Data to use
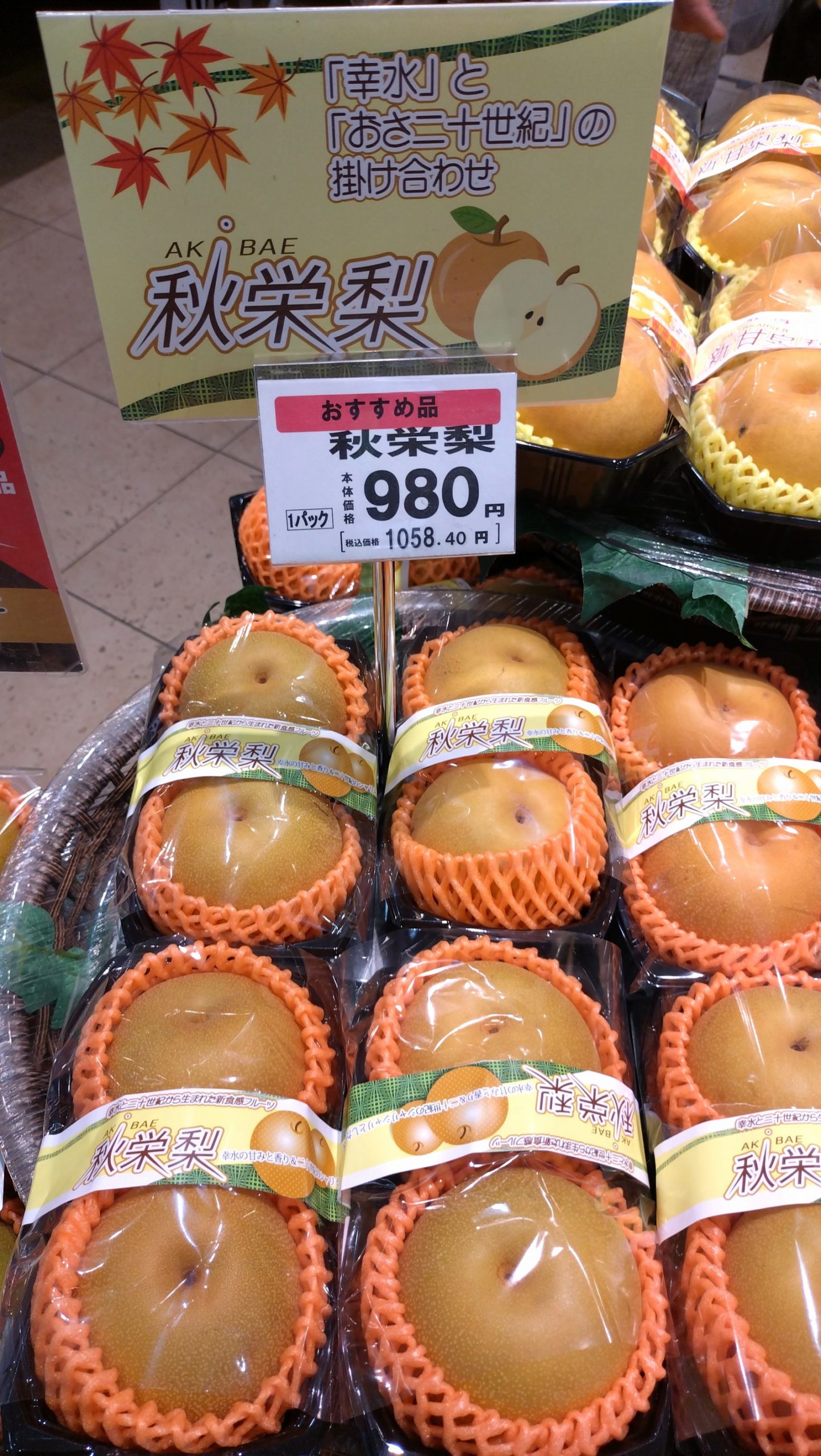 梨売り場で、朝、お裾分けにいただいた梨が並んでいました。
==
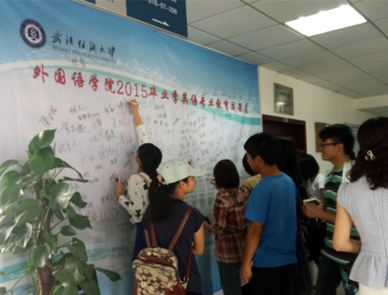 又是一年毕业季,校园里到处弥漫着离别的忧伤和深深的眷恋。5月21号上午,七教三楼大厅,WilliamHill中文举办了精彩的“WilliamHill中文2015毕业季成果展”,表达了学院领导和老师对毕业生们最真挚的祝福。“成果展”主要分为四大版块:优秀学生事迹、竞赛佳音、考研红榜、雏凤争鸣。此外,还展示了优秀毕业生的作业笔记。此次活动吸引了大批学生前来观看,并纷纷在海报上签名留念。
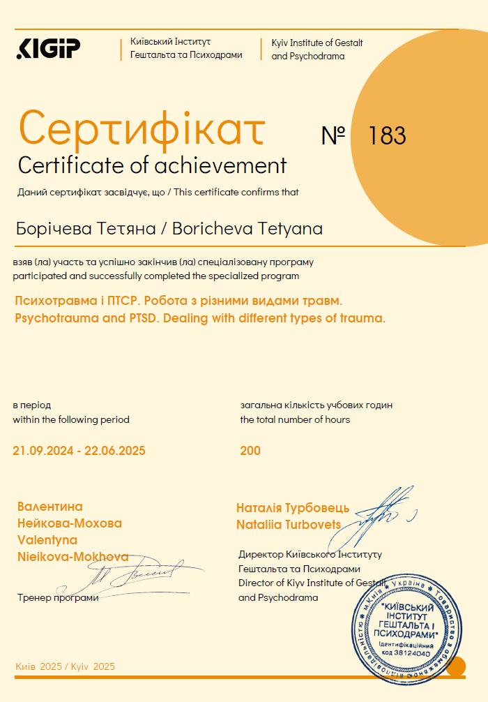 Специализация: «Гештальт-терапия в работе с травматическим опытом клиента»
* * *
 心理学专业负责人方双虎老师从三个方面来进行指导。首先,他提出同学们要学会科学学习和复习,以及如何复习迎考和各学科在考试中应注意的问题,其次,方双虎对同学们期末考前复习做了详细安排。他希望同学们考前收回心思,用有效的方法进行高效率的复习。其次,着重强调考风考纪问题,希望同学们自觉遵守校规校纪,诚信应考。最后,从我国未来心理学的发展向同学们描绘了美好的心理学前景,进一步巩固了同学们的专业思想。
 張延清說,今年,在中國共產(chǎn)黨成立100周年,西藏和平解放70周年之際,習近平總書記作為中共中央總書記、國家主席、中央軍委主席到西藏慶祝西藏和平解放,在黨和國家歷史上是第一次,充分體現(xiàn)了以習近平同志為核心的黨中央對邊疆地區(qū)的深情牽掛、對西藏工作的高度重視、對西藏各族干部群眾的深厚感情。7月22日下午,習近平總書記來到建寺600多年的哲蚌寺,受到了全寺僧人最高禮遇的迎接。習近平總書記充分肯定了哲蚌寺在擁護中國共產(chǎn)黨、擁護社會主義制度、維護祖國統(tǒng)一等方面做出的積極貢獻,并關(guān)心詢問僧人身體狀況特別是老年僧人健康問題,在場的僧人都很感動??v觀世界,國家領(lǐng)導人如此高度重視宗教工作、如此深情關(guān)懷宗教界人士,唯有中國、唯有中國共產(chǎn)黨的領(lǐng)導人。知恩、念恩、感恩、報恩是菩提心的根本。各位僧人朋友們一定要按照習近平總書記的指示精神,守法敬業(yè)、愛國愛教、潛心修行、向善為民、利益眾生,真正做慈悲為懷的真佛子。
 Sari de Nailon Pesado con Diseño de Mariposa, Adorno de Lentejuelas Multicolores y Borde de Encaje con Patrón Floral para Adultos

Task item
Starting at the line that contains "張延清說,今年,在中國共產(chǎn)黨" and stopping after the line that contains "Sari de Nailon", write out every line exactly as it appears above, and no other line.

Exercise solution
 張延清說,今年,在中國共產(chǎn)黨成立100周年,西藏和平解放70周年之際,習近平總書記作為中共中央總書記、國家主席、中央軍委主席到西藏慶祝西藏和平解放,在黨和國家歷史上是第一次,充分體現(xiàn)了以習近平同志為核心的黨中央對邊疆地區(qū)的深情牽掛、對西藏工作的高度重視、對西藏各族干部群眾的深厚感情。7月22日下午,習近平總書記來到建寺600多年的哲蚌寺,受到了全寺僧人最高禮遇的迎接。習近平總書記充分肯定了哲蚌寺在擁護中國共產(chǎn)黨、擁護社會主義制度、維護祖國統(tǒng)一等方面做出的積極貢獻,并關(guān)心詢問僧人身體狀況特別是老年僧人健康問題,在場的僧人都很感動??v觀世界,國家領(lǐng)導人如此高度重視宗教工作、如此深情關(guān)懷宗教界人士,唯有中國、唯有中國共產(chǎn)黨的領(lǐng)導人。知恩、念恩、感恩、報恩是菩提心的根本。各位僧人朋友們一定要按照習近平總書記的指示精神,守法敬業(yè)、愛國愛教、潛心修行、向善為民、利益眾生,真正做慈悲為懷的真佛子。
 Sari de Nailon Pesado con Diseño de Mariposa, Adorno de Lentejuelas Multicolores y Borde de Encaje con Patrón Floral para Adultos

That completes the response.